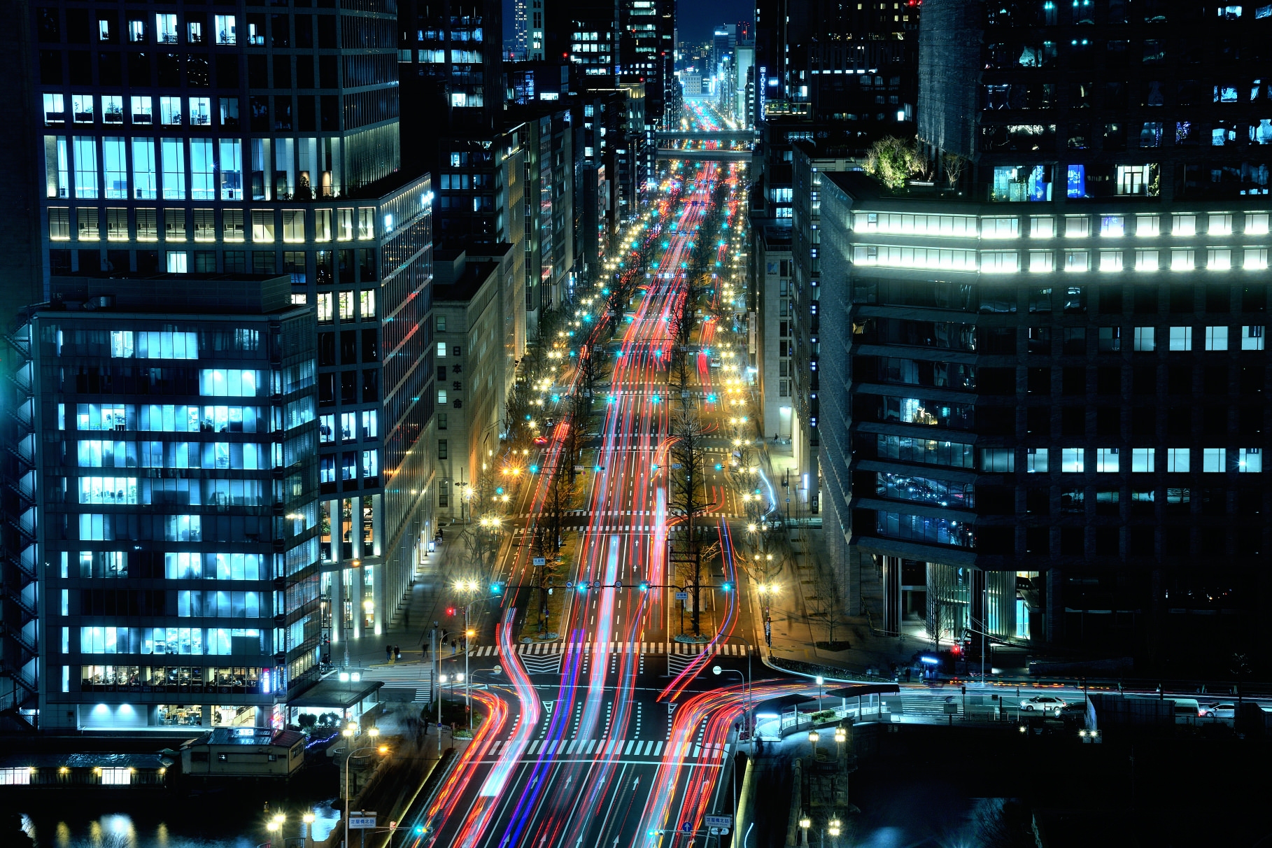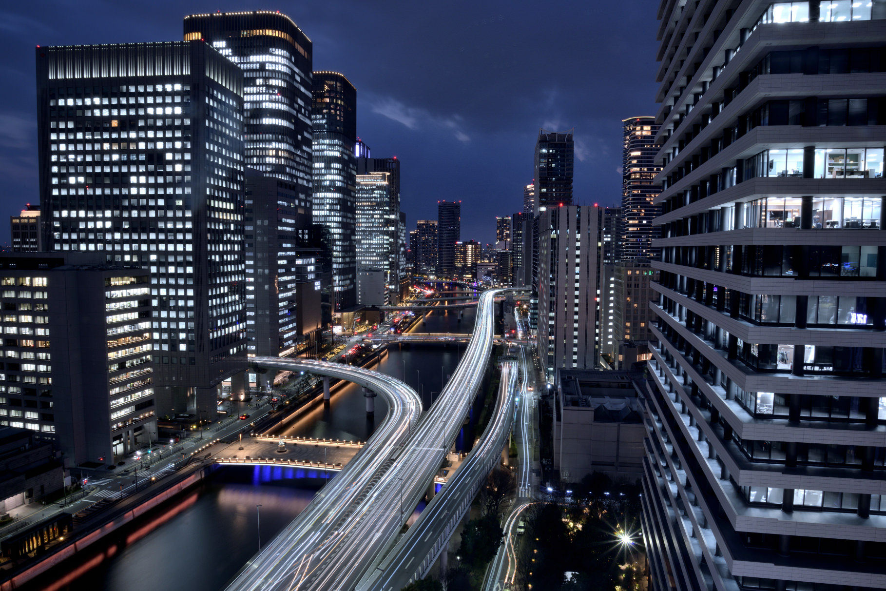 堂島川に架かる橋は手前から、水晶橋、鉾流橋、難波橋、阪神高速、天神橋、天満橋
—————
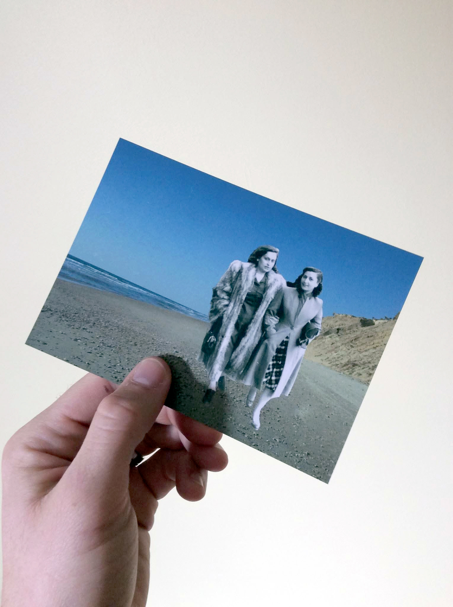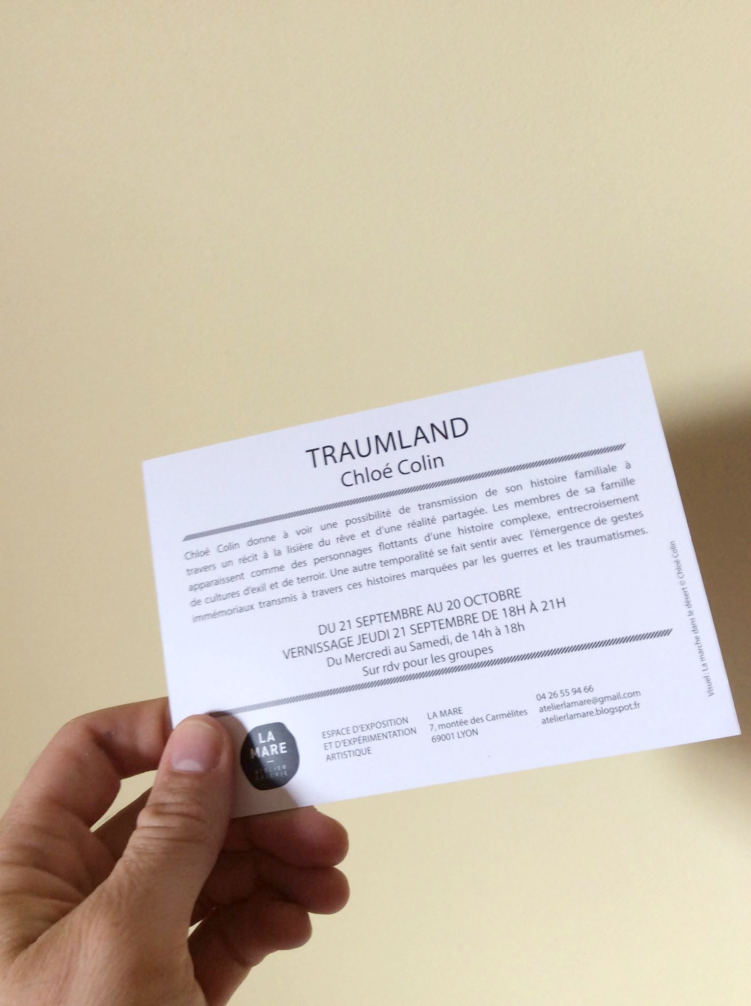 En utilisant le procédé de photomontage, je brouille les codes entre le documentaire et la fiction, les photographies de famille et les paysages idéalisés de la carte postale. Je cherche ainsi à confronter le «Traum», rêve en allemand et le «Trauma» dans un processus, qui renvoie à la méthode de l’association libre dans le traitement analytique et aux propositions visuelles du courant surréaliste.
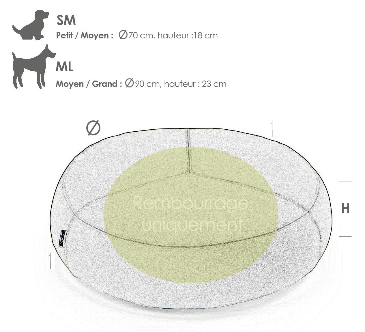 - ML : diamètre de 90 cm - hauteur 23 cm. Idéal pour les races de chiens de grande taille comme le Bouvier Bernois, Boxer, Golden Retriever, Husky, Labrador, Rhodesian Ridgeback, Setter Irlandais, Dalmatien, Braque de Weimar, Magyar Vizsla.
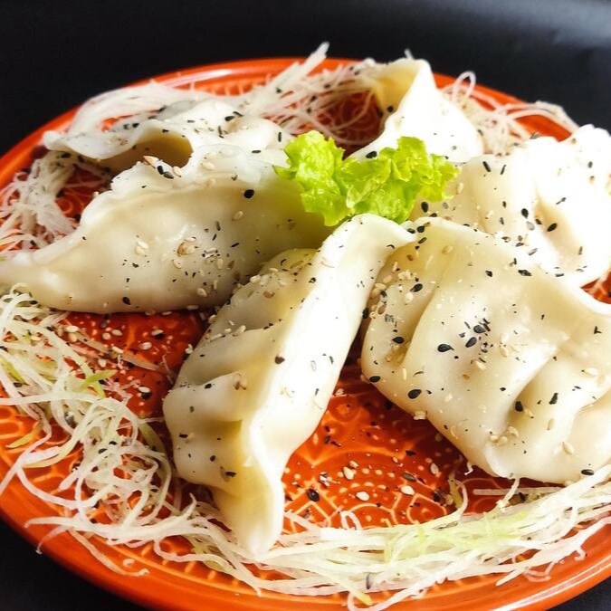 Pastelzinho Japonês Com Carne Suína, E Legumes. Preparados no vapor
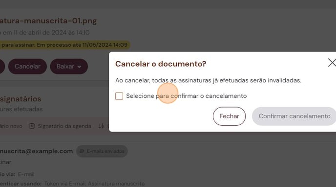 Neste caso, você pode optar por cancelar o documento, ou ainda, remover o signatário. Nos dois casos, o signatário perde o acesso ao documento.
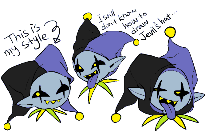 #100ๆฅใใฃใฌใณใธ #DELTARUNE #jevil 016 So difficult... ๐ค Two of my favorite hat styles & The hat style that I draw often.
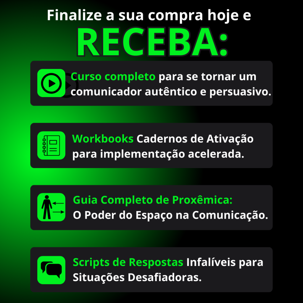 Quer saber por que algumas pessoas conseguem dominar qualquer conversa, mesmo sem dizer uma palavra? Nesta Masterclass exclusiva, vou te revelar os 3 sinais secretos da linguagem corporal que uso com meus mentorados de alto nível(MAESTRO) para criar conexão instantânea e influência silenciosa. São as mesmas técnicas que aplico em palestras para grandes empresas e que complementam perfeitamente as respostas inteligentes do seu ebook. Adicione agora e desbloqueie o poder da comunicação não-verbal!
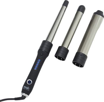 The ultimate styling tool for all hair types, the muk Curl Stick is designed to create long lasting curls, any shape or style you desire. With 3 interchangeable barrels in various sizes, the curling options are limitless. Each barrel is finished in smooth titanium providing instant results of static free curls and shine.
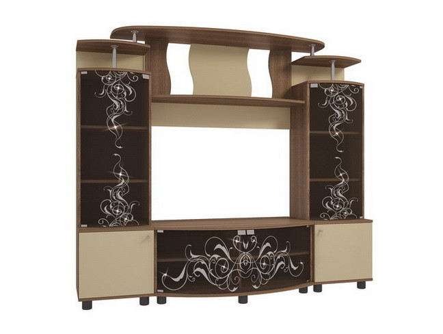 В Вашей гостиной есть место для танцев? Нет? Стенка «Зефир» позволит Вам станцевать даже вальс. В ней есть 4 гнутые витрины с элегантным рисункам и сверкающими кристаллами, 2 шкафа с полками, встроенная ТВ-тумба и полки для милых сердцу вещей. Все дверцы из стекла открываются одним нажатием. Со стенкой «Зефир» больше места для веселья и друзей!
—————
AIM OF THE EXERCISE: Look through the listing above for the line with "En utilisant le" and the line with "#100ๆฅใใฃใฌใณใธ #DELTARUNE #jevil". Write out exactly those lines and everything between, leaving out pictures.

WRITTEN ANSWER:
 En utilisant le procédé de photomontage, je brouille les codes entre le documentaire et la fiction, les photographies de famille et les paysages idéalisés de la carte postale. Je cherche ainsi à confronter le «Traum», rêve en allemand et le «Trauma» dans un processus, qui renvoie à la méthode de l’association libre dans le traitement analytique et aux propositions visuelles du courant surréaliste.
 - ML : diamètre de 90 cm - hauteur 23 cm. Idéal pour les races de chiens de grande taille comme le Bouvier Bernois, Boxer, Golden Retriever, Husky, Labrador, Rhodesian Ridgeback, Setter Irlandais, Dalmatien, Braque de Weimar, Magyar Vizsla.
 Pastelzinho Japonês Com Carne Suína, E Legumes. Preparados no vapor
 Neste caso, você pode optar por cancelar o documento, ou ainda, remover o signatário. Nos dois casos, o signatário perde o acesso ao documento.
 #100ๆฅใใฃใฌใณใธ #DELTARUNE #jevil 016 So difficult... ๐ค Two of my favorite hat styles & The hat style that I draw often.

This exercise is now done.